When Cathy and I cleaned our her house in 2009, the hardest room for me was that tiny, tiny darkroom tucked under the staircase. It couldn’t have been more than 4 feet wide, maybe 10 feet deep, and for all the years of my childhood it held a rather large and very toasty hot water heater. Somehow, I’m sure with Russell’s help, she wedged in an L-shaped workbench that held a photographic enlarger and three trays of developer, stop bath and fixer. Those chemical solutions carry an overwhelming odor even in a large darkroom (remember the smell when you walked into Lamb’s Camera Shop?) and it was just concentrated in that small space. There was a half-moon-shaped cutout in the bottom of the door with a piece of heavy fabric over it to block out all lights. And every surface in the kitchen was doing double duty for dripping negatives and drying prints on Developing Days.

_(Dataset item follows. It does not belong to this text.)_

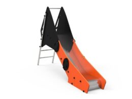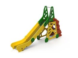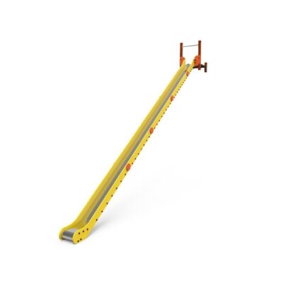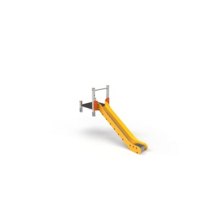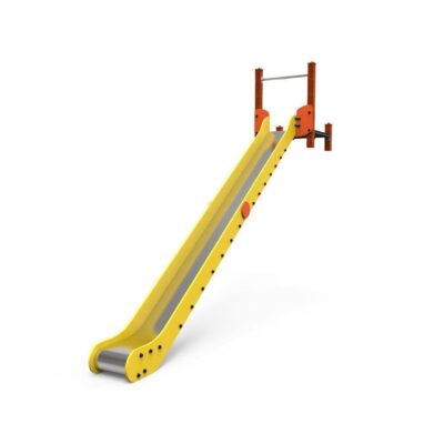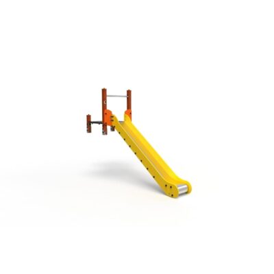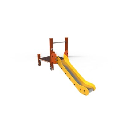 Descripción: tobogán compuesto por una torre sencilla sin techo con postes de madera color cerezo de 90x90mm y plataforma con estructura galvanizada recubierta de contrachapado marino antideslizante de color marrón.
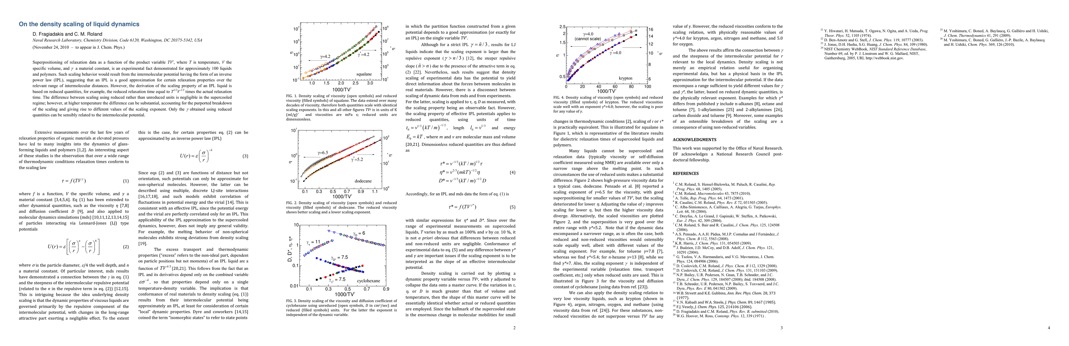 Superpositioning of relaxation data as a function of the product variable TV^{\gamma}, where T is temperature, V the specific volume, and {\gamma} a material constant, is an experimental fact demonstrated for approximately 100 liquids and polymers. Such scaling behavior would result from the intermolecular potential having the form of an inverse power law (IPL), suggesting that an IPL is a good approximation for certain relaxation properties over the relevant range of intermolecular distances. However, the derivation of the scaling property of an IPL liquid is based on reduced quantities, for example, the reduced relaxation time equal to T^1/2V^-1/3 times the actual relaxation time. The difference between scaling using reduced rather than unreduced units is negligible in the supercooled regime; however, at higher temperature the difference can be substantial, accounting for the purported breakdown of the scaling and giving rise to different values of the scaling exponent. Only the {\gamma} obtained using reduced quantities can be sensibly related to the intermolecular potential.

Sara was very satisfied with her makeshift photography lab and she turned out extraordinary work for a self-taught camera bug. When she was making prints just for fun, she’d often let us slip in and help, and I still remember the thrill of seeing those images emerge from shiny blank paper in the developing tray. The downside to this hobby was the bathroom ban. Until the upstairs rooms were finished, sometime in the mid-60s, the only bathroom in the house was directly across the back hall from the darkroom. Even a sliver of light from the bathroom or the small window that looked out over the back porch could ruin a batch of negatives, so we were banned from answering nature’s call while Sara was developing Commercial Appeal photos. I would hop from foot to foot, calling in and begging her to tell me when she would be finished, and it would always be “Just a few more minutes. Just one more picture. Go next door.” “Go next door” meant a dash across the driveway to the Gwins’ house, where we basically had free reign and lifetime bathroom privileges. God bless Nancy and Elmer Gwin: I’d be on dialysis now if not for them.

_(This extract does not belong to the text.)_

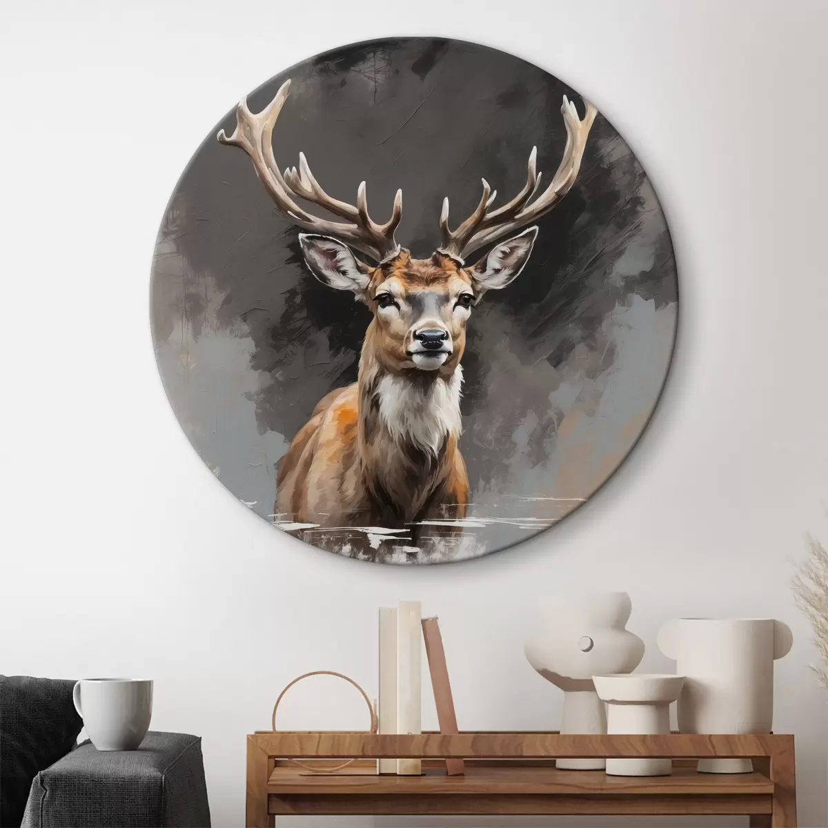 Runde Wandbilder Hirsche auf grauem und schwarzem Hintergrund Nr r40865

One thing to watch for when The Help comes out on DVD: In the “toilets on the lawn” scene, where Hilly Holbrook shoves the newspaper photographer out of the way, notice the camera around his neck. That’s Sara’s old Yashicamat. Wouldn’t she be proud?
I wish i had known this earlier. I wish i had taken up photography earlier and been able to ask her questions and go shoot with her
maybe somewhere she’s laughing at my struggles and sending me some help
nice post
Now that I’ve figured out how to reverse-scan negatives into Iphoto, I’m consumed by a totally new and overwhelming Sara project. There are literally thousands of negatives, some in envelopes labeled “not printed,” meaning that none of us have seen them in her albums. And, for your interest and anyone else tagged into this blog, Turnrow Books will be doing an exhibit of Sara’s photographs of Greenwood children through the Christmas season. I hope this exposure will put some names with the faces. She id’ed some pictures but not many. I’m really excited about it and appreciate Turnrow’s support.